Could this be an election where all those Democrats who throughout the years were dumped on by Quinn and his good government antics will be willing to openly ignore the decision of the Cook County Democratic organization and vote for Dan Hynes – who in many ways fits the image of what a 21st Century Chicago Democrat is about.

BECAUSE THE REALITY is that the only people who care about who gets slated by the party for political office are the party regulars – the ones who are in government because it is their employer or they support some interest group.

How many local Democratic voters with ties to the labor unions that have endorsed Hynes will decide that their union, and not their party, got it right in the pick for governor?

The ones who are “into” politics because of ideology aren’t going to care who gets slated. If anything, they may be the ones who will wonder if this means that Pat Quinn has now “sold out” his soul in order to get himself elected to his own four-year term as governor come the November 2010 general election.

There was a part of me that thought the Democratic organization types who gathered at the hotel Chicago insiders will always think of as the Bismarck Hotel would decide to slate no one.

TAKE NO STAND.

It may sound cowardly to some, but it is a way of saying that the party faithful are so split that no one should be able to go through a campaign season calling themselves the officially preferred choice of the Democratic Party.

That is what the Cook County Dems did for lieutenant governor and for county board President. Despite the pleas of Todd Stroger that his incumbency status warranted some special consideration, the party is doing nothing – thereby leaving him on an equal playing field with the other four candidates who wish to replace him at the head of county government.

But when one thinks about it rationally, I can understand why Quinn got the slating.

HE IS THE incumbent. After going through a 26-year time period in Illinois with Republicans as governor of the state, I’m sure one of the last things that Democrats here want is to lose this office to a candidate of the GOP.

I’m sure there is a part of the Democratic Party that would like it if Hynes were to back down so that more attention could be spent focusing on keeping the U.S. Senate seat from Illinois in the hands of a Democratic candidate.

There is the fact that the older party types can remember 1976, when incumbent Gov. Dan Walker was dumped in a primary fight led by Chicago politicos who were disgusted by him. The winner of that primary – Michael Howlett – wound up so weak that he lost to James R. Thompson (the man who began that 26-year GOP streak).

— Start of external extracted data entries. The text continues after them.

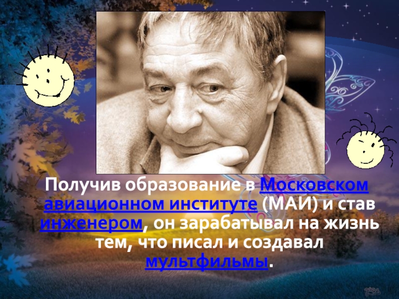 Слайд 17Эдуард Успенский является создателем таких передач, как Спокойной ночи, малыши!,
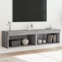 Con un diseño moderno y práctico, estos muebles para TV con luces LED se convertirán en el centro de atención de la estancia. Material duradero: La madera de ingeniería tiene una calidad excepcional y una superficie lisa, y también cuenta con fuerza, estabilidad y resistencia a la humedad. Hechos de madera de ingeniería, estos soportes de TV son robustos y duraderos.Amplio espacio de almacenaje: Los muebles de TV ofrecen un amplio espacio para mantener bien organizados y al alcance reproductores de DVD, receptores, discos y otros objetos pequeños.Luces LED RGB: Estos muebles cuentan con luces LED RGB, con diferentes menús para cambiar el color de las luces y permitir que el color se ajuste de forma automática.Diseño de pared: Estos muebles se pueden colgar en la pared para conseguir espacio de almacenaje extra. De esta manera, puedes maximizar el espacio en el suelo y mantener la zona despejada. Información útil:Los tornillos y los tacos para el interior de la pared no están incluidos. Recomendamos encontrar y utilizar tornillos y tacos adecuados específicamente para las paredes. Si no estás seguro, puedes consultar con un profesional. Lee y sigue cada paso de las instrucciones.El producto tiene un conector USB que necesita una fuente de alimentación USB certificada de 5 V (no incluida).
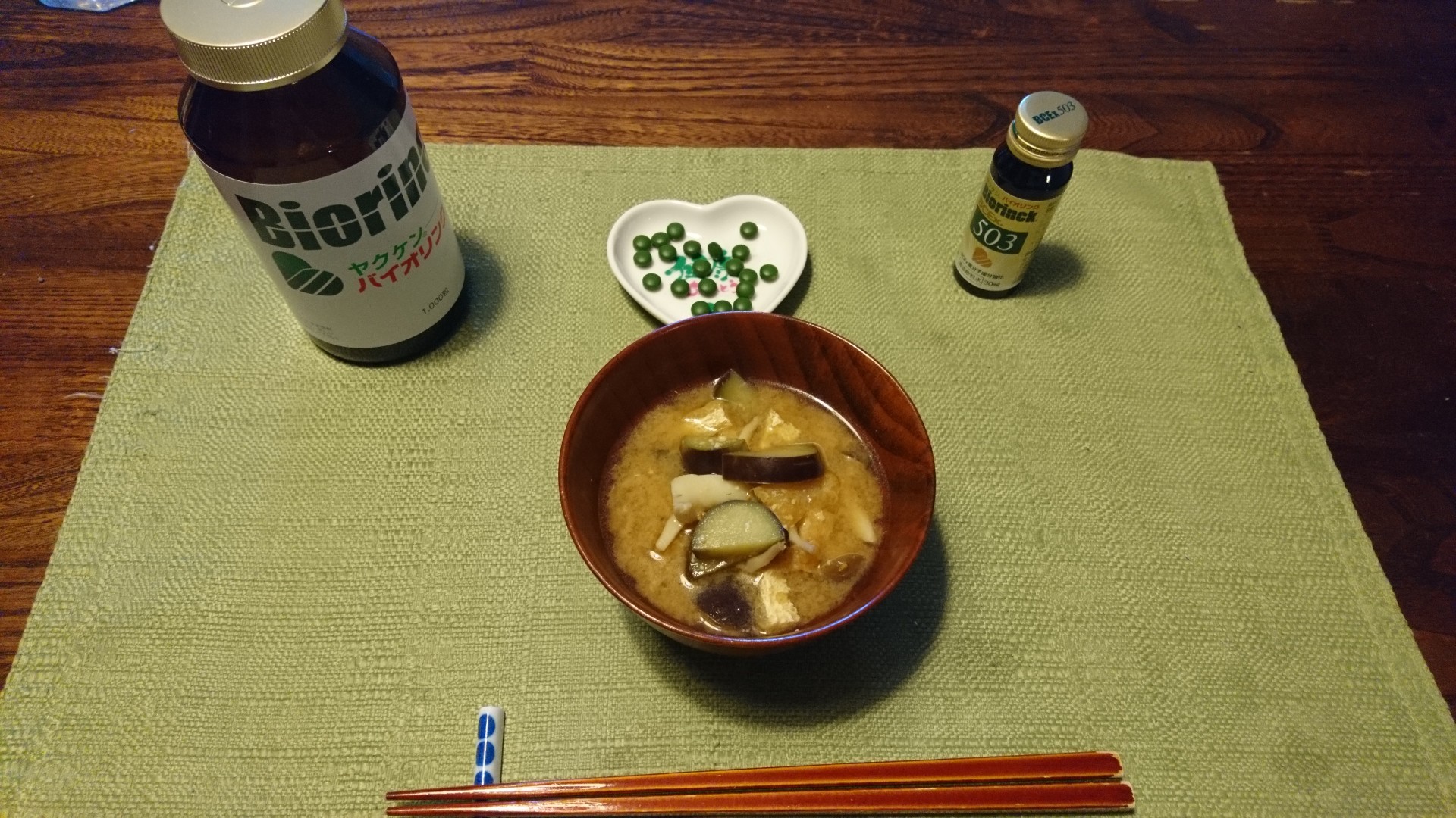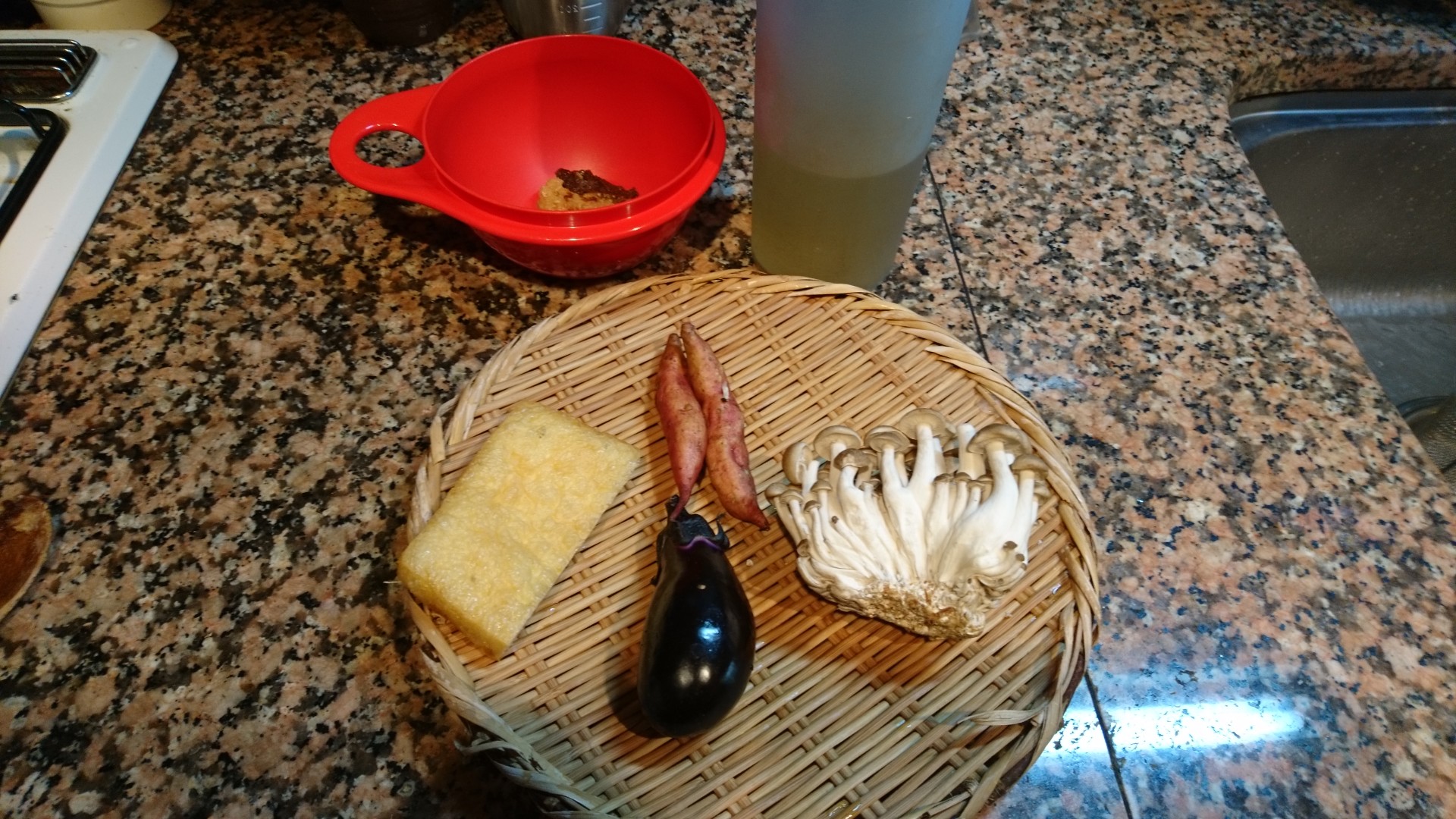 今朝は、うすあげ、茄子、さつまいも、しめじの味噌汁です。
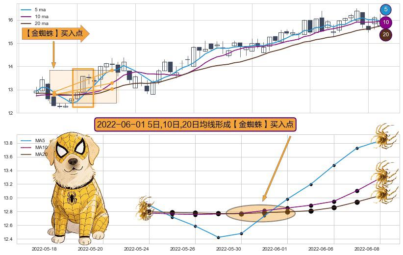 形态多维评估: ⚀ 2022-06-01日显现 5日-10日-20日均线 【金蜘蛛】买入点 看多信号,后市看涨,买入
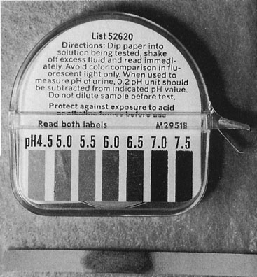 Patients with ruptured membranes usually note a large “gush of fluid” that wets their undergarments or bed sheets. Alternatively, they may experience a steady trickle of small amounts of clear fluid from the vagina, resulting in a constant sense of “wetness” on the perineum. On physical examination, the most reliable method for confirmation of ruptured membranes is direct observation of amniotic fluid in the posterior vaginal vault (pooling). In some instances, gross pooling may not be evident, but amniotic fluid can be seen to leak from the cervix when the patient pushes on her fundus, coughs, or strains. When physical examination is problematic, two simple laboratory tests may be of value. The normal pH of amniotic fluid is 7.0 to 7.5, whereas the pH of sterile urine and vaginal secretions is 5 to 6 and less than 4.5, respectively. Accordingly, if the suspect fluid has a pH of 7 or greater (nitrazine test, Fig. 1), it is most likely amniotic fluid. In addition, when amniotic fluid is allowed to dry on a microscopic slide, it produces a characteristic pattern of arborization, termed ferning (Fig. 2). If both the fern test and the nitrazine test are positive, the diagnosis of ruptured membranes is highly probable. However, contaminating substances in the fluid may affect the reliability of these tests. For example, blood and seminal fluid may produce a false-positive nitrazine test. Sodium chloride in the perspiration from a fingerprint or in some antiseptic solutions may produce a false-positive fern test.10,11 In addition, if amniotic fluid is frankly bloody, the characteristic ferning pattern may be obscured. Interestingly, the presence of dilute concentrations of blood and meconium does not affect the interpretation of the fern test.12 Other laboratory tests have been proposed for confirmation of the diagnosis of ROM, such as intra-amniotic injection of indigo carmine, measurement of amniotic fluid glucose and fructose concentrations, and identification of diamine oxidase in amniotic fluid.11,13 However, as a general rule, these tests are either too invasive, too cumbersome, or too expensive to have routine application in clinical practice. |
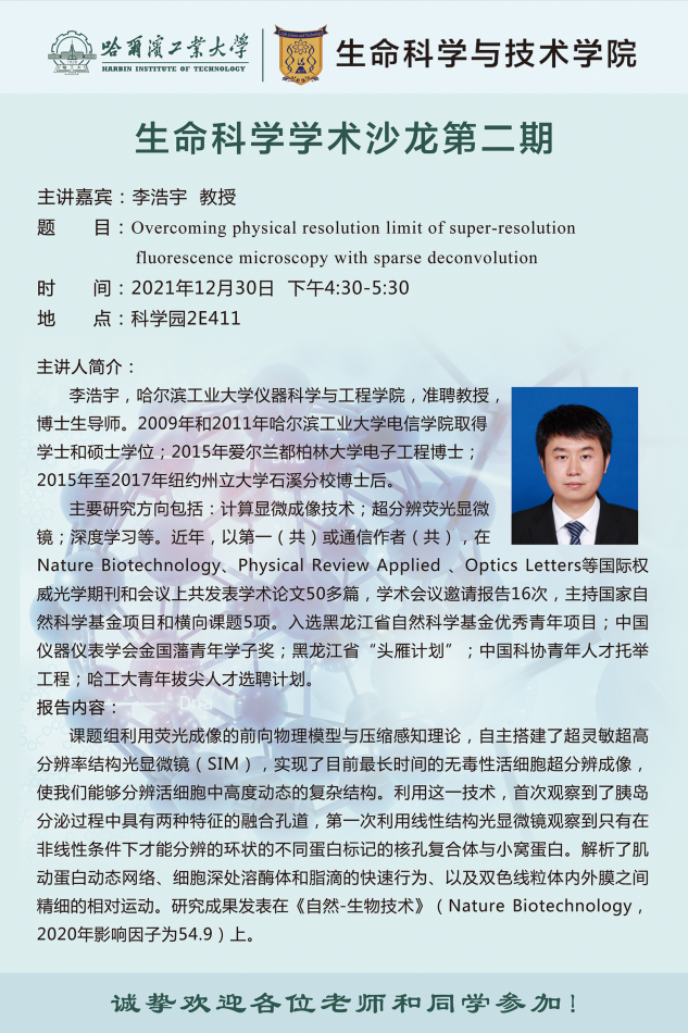 主讲题目:Overcoming physical resolution limit of super-resolution fluorescence microscopy with sparse deconvolution

It ultimately is because of this factor that Lisa Madigan backed away from her preferred goal of running for governor and decided to try to keep her current post of state attorney general – why run for governor if there’s no chance you get slated and your candidacy gets viewed in some segments of Illinois political society as a spoiler.

NOW, IT IS Hynes who has the potential to fulfill that role. And it is Quinn who gets to fill a niche I’m sure he never would have envisioned for himself eight years ago – the officially slated choice for governor by the Cook County Democrats.

What next; Michael Jordan returns to the NBA? Then again, the idea of Quinn as an establishment Democrat is about as absurd as that stint Jordan did with the Washington Wizards.